## WHAT IS NEEDED:
Using the listing below, please print exactly the lines from the one with "food safety standards" through the one with "với đoàn đông.". Leave out every picture.

## RECORDS PROVIDED:
------------------------------

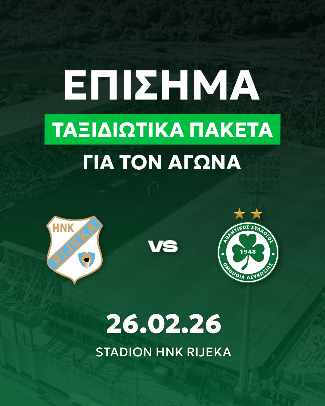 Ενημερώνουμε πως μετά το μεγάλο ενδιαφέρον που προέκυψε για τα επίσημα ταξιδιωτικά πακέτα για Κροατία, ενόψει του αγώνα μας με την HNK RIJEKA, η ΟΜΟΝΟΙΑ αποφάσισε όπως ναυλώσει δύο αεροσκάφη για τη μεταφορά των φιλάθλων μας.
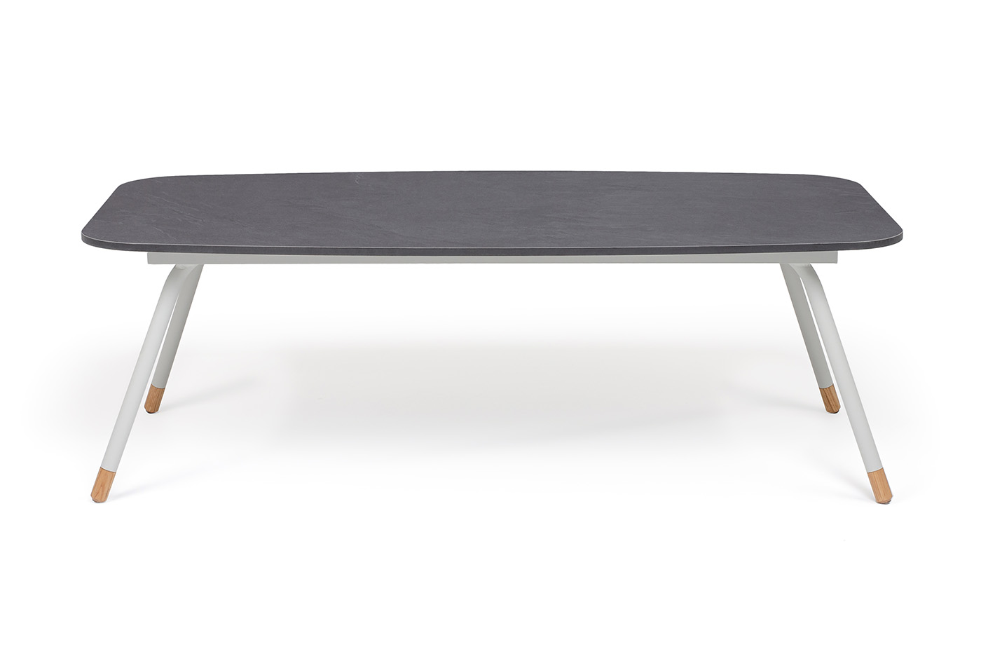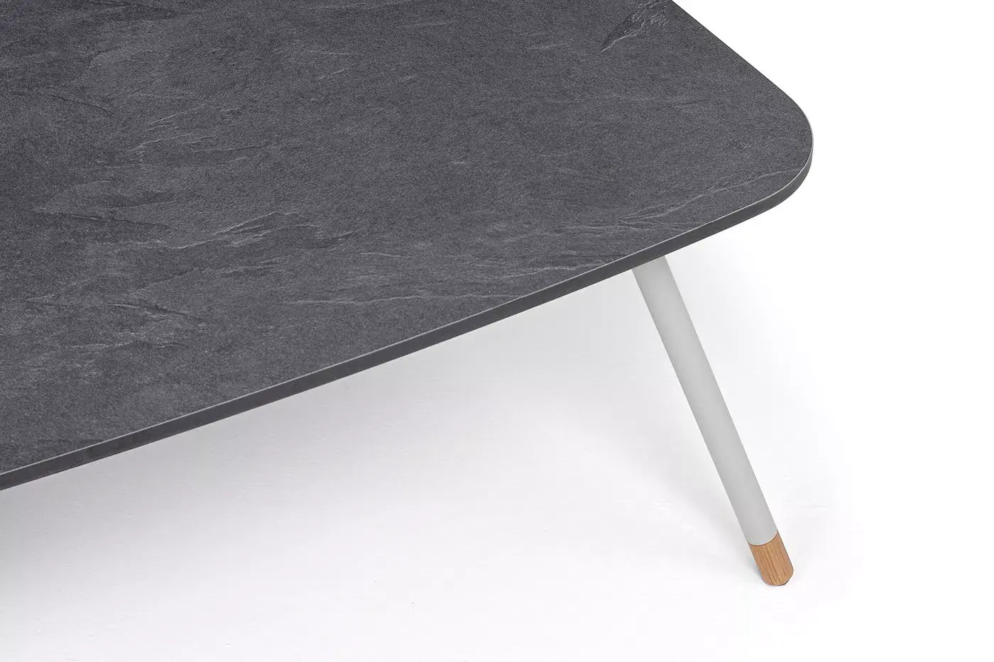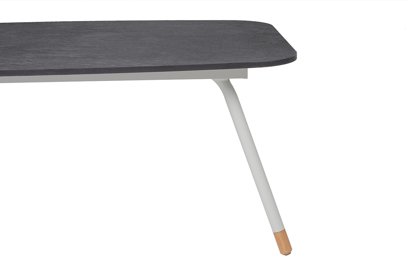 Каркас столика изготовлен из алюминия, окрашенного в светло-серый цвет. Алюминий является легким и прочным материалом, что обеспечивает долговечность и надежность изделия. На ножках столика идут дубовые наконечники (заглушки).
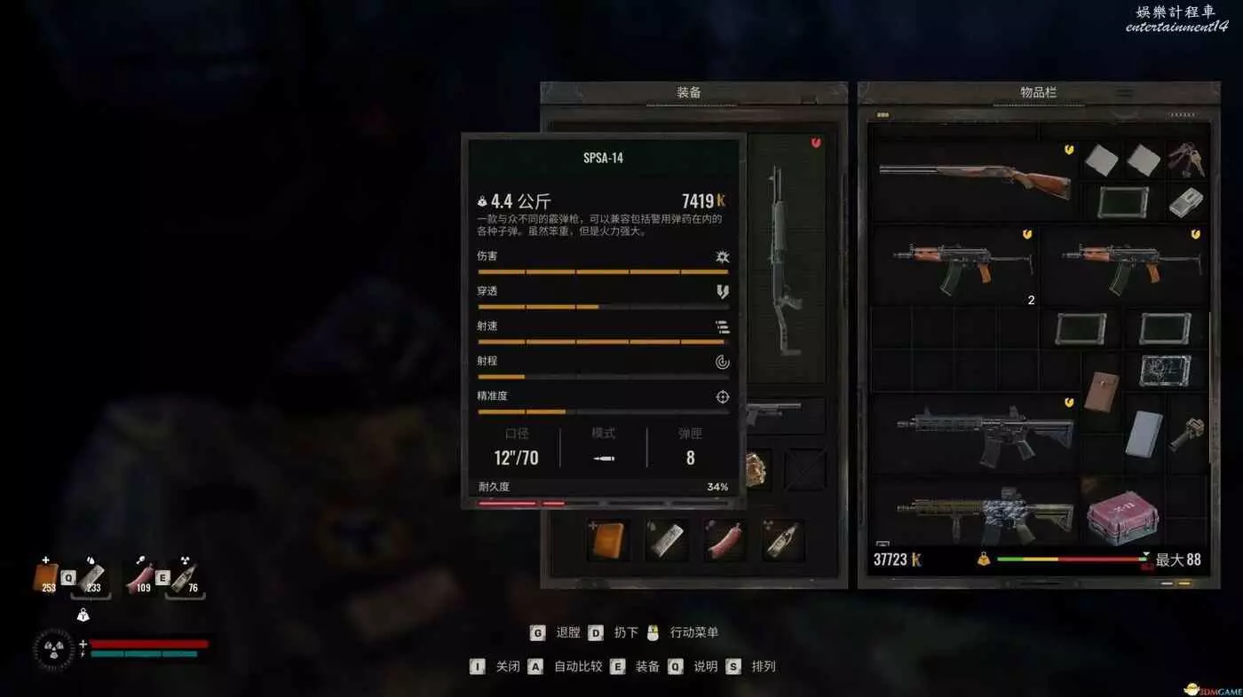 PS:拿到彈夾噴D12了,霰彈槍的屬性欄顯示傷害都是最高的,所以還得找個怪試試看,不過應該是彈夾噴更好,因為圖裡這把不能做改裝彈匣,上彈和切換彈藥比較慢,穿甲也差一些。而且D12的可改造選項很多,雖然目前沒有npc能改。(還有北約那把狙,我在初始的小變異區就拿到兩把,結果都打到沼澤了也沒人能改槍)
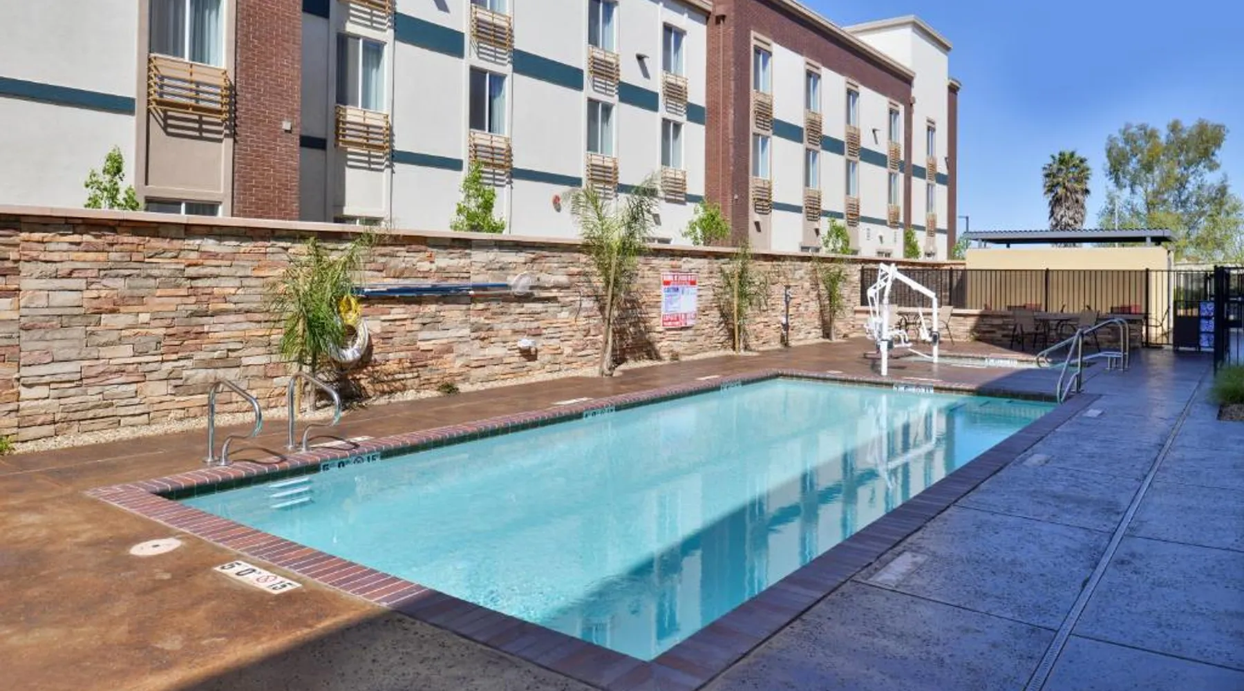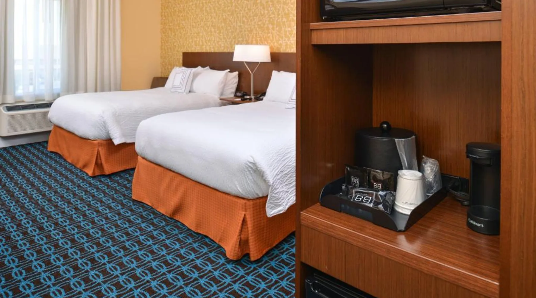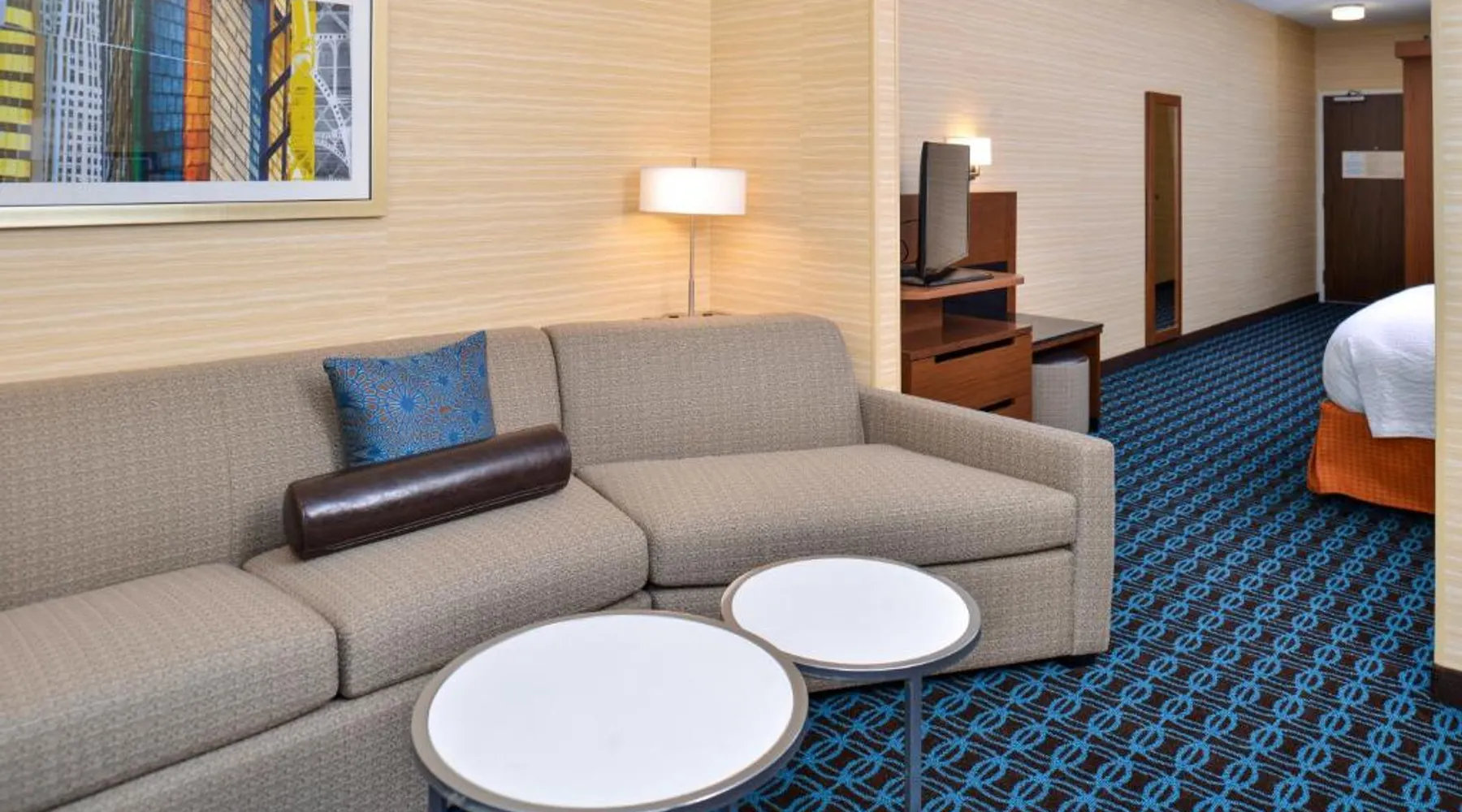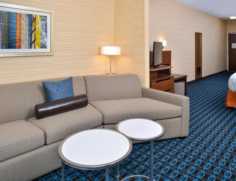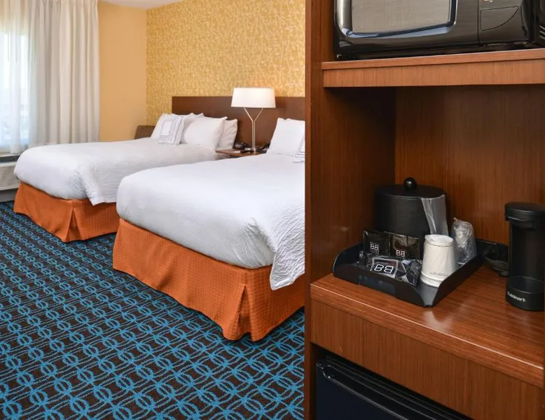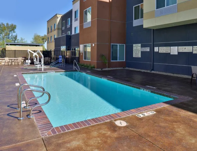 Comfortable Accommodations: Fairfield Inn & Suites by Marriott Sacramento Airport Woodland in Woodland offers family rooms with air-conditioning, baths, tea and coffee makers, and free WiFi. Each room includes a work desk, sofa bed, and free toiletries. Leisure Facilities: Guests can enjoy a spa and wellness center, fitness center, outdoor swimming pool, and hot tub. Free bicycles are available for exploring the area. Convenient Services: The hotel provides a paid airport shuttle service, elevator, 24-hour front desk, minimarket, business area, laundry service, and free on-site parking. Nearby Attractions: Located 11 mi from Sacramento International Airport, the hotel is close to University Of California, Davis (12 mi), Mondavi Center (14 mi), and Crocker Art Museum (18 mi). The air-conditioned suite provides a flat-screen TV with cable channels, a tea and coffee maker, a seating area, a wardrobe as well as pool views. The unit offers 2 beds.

------------------------------

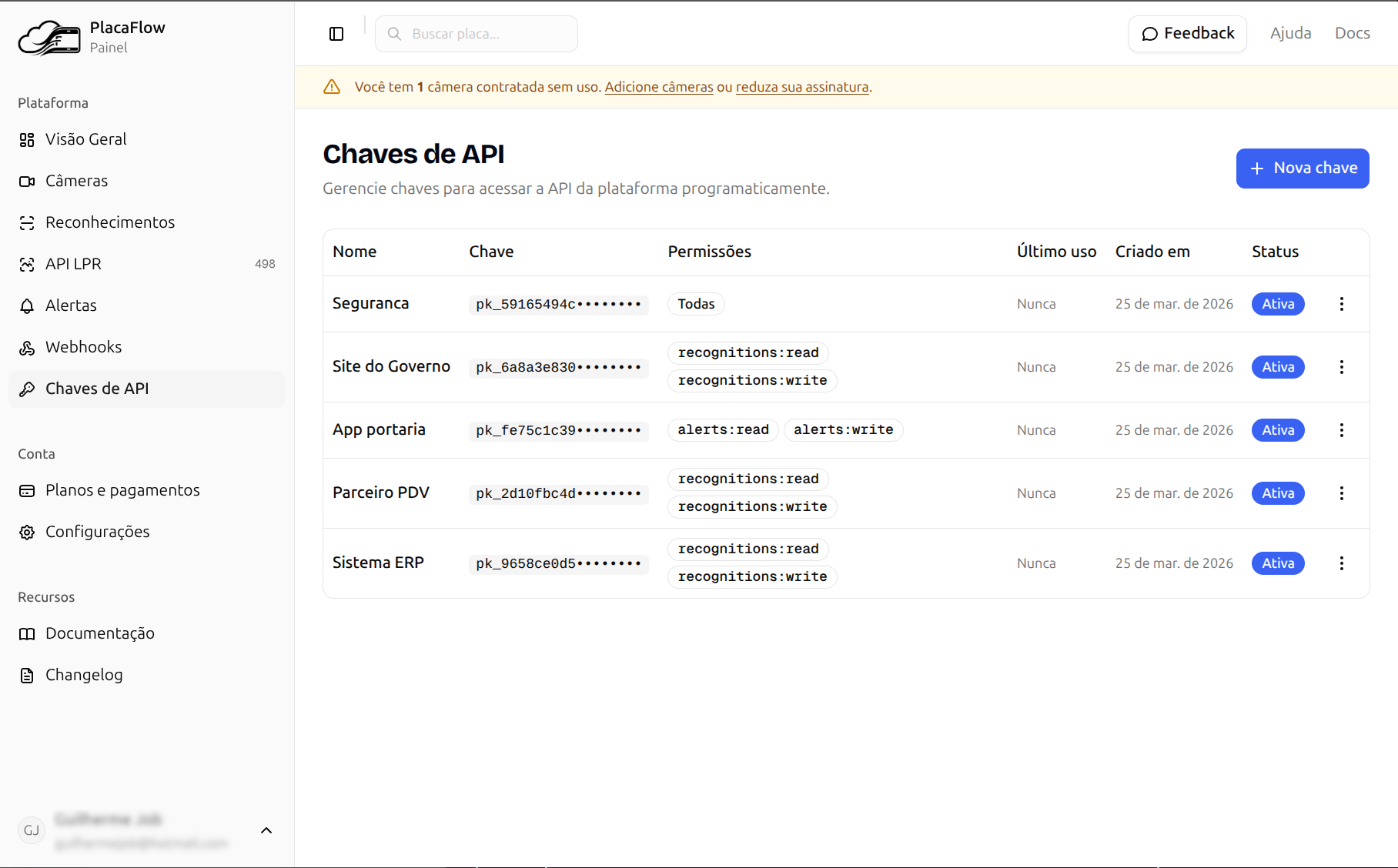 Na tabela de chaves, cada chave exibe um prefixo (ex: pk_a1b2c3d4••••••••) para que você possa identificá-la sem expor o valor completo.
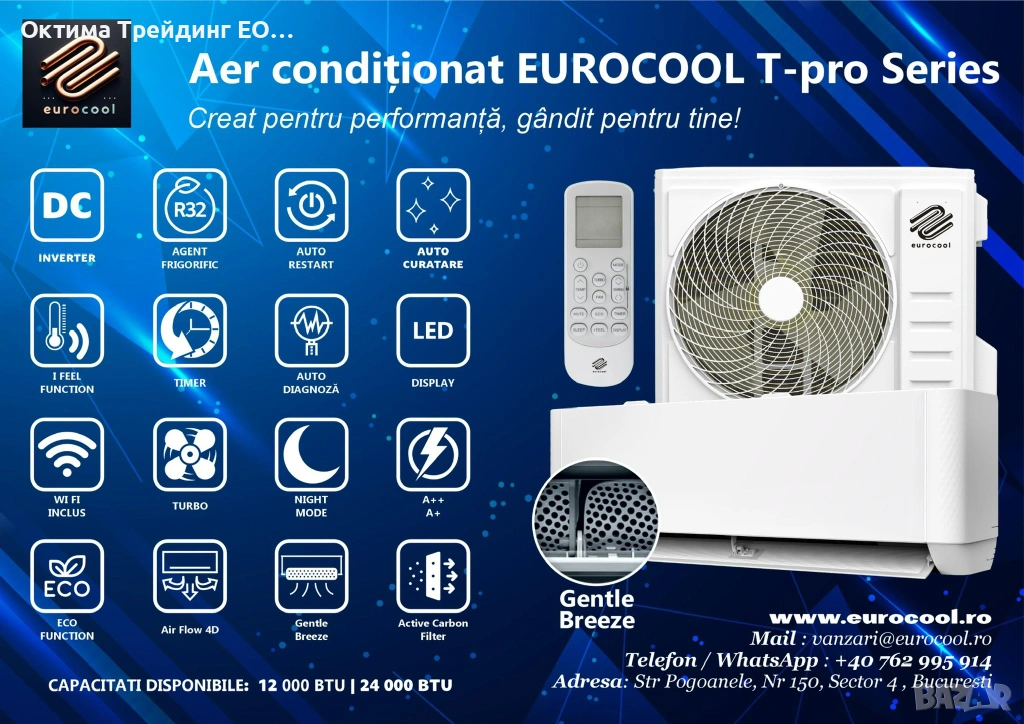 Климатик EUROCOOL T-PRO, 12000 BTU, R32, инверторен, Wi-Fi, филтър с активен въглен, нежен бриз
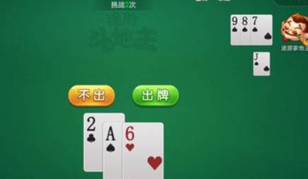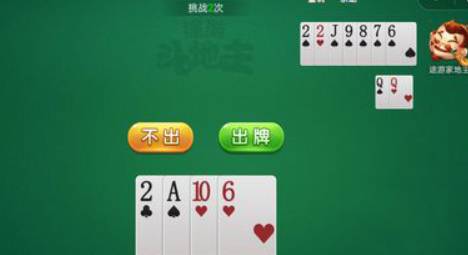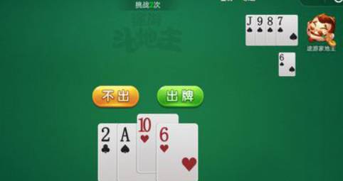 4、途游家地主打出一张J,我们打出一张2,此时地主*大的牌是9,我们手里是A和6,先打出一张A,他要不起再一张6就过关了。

------------------------------

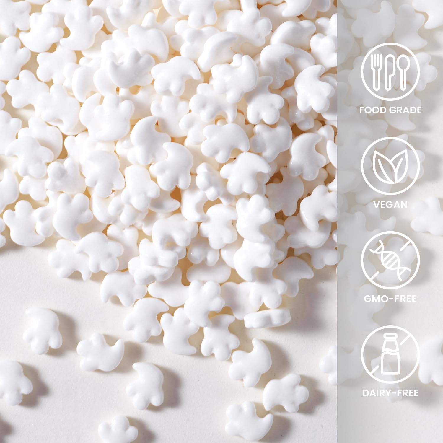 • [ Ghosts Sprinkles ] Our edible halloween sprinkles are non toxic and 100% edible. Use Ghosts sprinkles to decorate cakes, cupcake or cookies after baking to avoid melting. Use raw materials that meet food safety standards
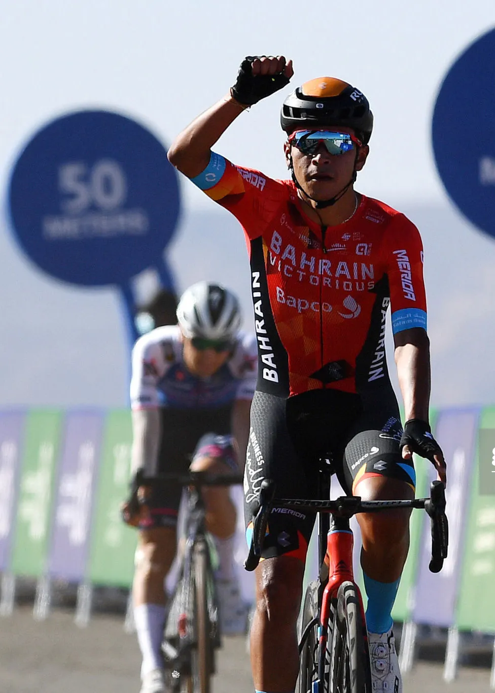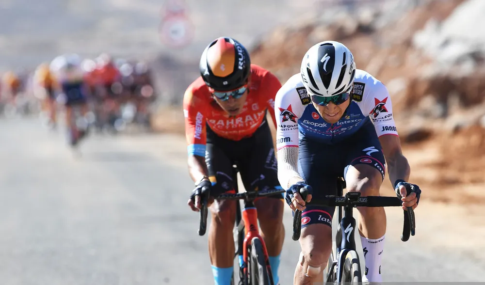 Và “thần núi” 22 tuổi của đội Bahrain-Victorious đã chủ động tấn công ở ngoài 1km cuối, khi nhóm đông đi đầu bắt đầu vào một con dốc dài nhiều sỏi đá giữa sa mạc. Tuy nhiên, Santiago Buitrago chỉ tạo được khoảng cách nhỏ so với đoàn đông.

------------------------------

## SOLVED EXERCISE:
 • [ Ghosts Sprinkles ] Our edible halloween sprinkles are non toxic and 100% edible. Use Ghosts sprinkles to decorate cakes, cupcake or cookies after baking to avoid melting. Use raw materials that meet food safety standards
 Và “thần núi” 22 tuổi của đội Bahrain-Victorious đã chủ động tấn công ở ngoài 1km cuối, khi nhóm đông đi đầu bắt đầu vào một con dốc dài nhiều sỏi đá giữa sa mạc. Tuy nhiên, Santiago Buitrago chỉ tạo được khoảng cách nhỏ so với đoàn đông.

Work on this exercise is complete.